Bakara Suresi’nin iki yüz
yirmi birinci ayeti, sıradan okunduğunda Mekke dönemine ait insan
tablolarını anlattığı şeklinde anlaşılabilir. Mü’min erkeklerle
müşrik erkekleri, mü’min kadınlarla müşrik kadınları önümüze koyan
bu âyetin, Mekke’de Bilal radıyallahu anha işkence eden kâfir
insanlardan söz etmekte olduğu açıkça anlaşılmaktadır. Böyle bir
anlama için ilim sahibi olmak da gerekmemektedir.

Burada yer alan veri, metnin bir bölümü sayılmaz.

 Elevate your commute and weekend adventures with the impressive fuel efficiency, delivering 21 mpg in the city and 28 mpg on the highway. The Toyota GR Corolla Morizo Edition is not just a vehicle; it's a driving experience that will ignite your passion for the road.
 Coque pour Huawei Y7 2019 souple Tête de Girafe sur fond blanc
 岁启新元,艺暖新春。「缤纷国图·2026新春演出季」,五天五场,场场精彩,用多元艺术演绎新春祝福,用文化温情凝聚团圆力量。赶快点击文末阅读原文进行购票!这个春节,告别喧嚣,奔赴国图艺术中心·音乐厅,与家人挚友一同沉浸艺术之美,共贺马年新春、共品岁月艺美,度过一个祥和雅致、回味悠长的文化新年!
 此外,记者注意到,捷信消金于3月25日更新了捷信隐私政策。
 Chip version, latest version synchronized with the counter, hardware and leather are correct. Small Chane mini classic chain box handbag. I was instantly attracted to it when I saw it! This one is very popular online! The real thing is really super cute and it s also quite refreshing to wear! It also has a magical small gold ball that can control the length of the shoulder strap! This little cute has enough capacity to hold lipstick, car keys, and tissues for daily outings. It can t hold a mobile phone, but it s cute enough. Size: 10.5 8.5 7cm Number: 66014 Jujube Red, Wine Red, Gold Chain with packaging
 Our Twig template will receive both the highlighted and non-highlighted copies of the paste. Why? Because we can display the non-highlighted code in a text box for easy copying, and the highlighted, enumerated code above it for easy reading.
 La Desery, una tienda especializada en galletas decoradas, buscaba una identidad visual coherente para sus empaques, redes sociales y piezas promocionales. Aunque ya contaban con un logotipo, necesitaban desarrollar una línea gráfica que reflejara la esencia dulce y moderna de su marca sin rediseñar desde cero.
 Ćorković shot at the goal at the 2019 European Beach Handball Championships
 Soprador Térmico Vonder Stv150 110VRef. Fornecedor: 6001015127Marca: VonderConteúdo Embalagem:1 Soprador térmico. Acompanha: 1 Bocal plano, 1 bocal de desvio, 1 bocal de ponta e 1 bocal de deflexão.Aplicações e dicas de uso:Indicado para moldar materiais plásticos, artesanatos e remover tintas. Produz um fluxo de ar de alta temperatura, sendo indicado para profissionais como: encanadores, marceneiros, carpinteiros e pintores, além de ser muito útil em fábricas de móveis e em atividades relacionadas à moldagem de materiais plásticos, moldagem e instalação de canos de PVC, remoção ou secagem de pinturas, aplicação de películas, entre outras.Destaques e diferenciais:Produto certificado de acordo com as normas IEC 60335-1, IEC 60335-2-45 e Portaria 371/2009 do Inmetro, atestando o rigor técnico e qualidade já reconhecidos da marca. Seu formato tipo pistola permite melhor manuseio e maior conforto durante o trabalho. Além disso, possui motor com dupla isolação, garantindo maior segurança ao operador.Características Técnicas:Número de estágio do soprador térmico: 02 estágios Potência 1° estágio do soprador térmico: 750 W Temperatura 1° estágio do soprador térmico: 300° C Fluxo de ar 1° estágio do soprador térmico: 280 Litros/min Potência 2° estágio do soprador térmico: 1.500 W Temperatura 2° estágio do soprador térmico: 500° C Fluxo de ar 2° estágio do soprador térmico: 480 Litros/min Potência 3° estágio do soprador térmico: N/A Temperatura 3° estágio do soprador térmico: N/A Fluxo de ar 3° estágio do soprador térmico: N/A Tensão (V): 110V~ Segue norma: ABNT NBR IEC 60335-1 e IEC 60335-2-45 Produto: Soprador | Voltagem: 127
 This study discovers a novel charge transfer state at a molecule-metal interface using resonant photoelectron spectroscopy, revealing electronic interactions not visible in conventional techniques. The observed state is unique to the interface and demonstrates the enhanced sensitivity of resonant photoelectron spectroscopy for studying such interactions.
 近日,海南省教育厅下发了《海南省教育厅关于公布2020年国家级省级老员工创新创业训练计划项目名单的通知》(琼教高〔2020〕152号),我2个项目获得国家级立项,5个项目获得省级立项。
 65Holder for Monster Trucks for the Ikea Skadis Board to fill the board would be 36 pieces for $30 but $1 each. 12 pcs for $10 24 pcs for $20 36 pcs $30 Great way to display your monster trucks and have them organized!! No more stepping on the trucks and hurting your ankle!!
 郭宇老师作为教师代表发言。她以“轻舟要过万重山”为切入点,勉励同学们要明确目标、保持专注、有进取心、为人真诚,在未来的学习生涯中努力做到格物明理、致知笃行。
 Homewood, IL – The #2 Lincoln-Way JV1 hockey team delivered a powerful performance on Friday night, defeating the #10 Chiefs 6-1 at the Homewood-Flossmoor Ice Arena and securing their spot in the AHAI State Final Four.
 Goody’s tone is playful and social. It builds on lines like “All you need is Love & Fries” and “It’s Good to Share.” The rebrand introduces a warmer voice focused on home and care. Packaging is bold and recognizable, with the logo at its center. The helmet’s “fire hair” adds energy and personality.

Biz, Kur’an’ı ve ayetlerini imanımızın temelleri olarak gören
anlayışımızın gereği olarak bu ayeti daha etkin bir konunun kaynağı
olarak görmeliyiz. Ayet esasen, aile saadetinin ya da erkek veya
kadın mü’min için asıl huzurun kimde olduğunu göstermektedir.
‘Mü’min erkek-mü’min kadın’ her durumda daha iyidir. Fiziksel
güzellik ve dış etkenler aksini gösterse de imanla bezenmiş bir
insan ‘iyidir-iyi olmalıdır.’ Ayeti bu bakışla ele
alabiliriz:
“İman etmedikleri sürece müşrik kadınlarla evlenmeyin. Müşrik kadın hoşunuza gitse de, mü’min bir cariye Allah’a ortak koşan bir kadından daha hayırlıdır. İman etmedikleri sürece müşrik erkeklerle, kadınlarınızı evlendirmeyin. Müşrik hür erkek hoşunuza gitse de, iman eden bir köle, müşrik bir erkekten daha hayırlıdır. Onlar ateşe çağırırlar, Allah ise izniyle, cennete ve bağışlanmaya çağırır. O, insanlara ayetlerini açıklar ki, öğüt alıp düşünsünler.”
Kur’an’ımızın bu açık hükmü satır satır ele alındığında şu çizgileri çizmektedir:
1- İnsanlar, iman edenler ve etmeyenler, mü’minler ve müşrikler olarak iki grupturlar. Hayata bakan gözümüz bu iki çizgi üzerinden insanı değerlendirmelidir. Bizim göz zevkimiz başka türlü söylüyor olsa da kitabımız Kur’an, insanları bu şekilde görmektedir. Kişisel menfaatlerimize göre bir tasnif yapamayız. Mü’min olmak, mü’minlerle beraber olmak gerektirmektedir. Mü’min olduğu hâlde kişisel hayatını, ev düzenini mü’minlerle kuramayanlar yanlış üzerine kurulu bir iş yapmış olmaktadırlar.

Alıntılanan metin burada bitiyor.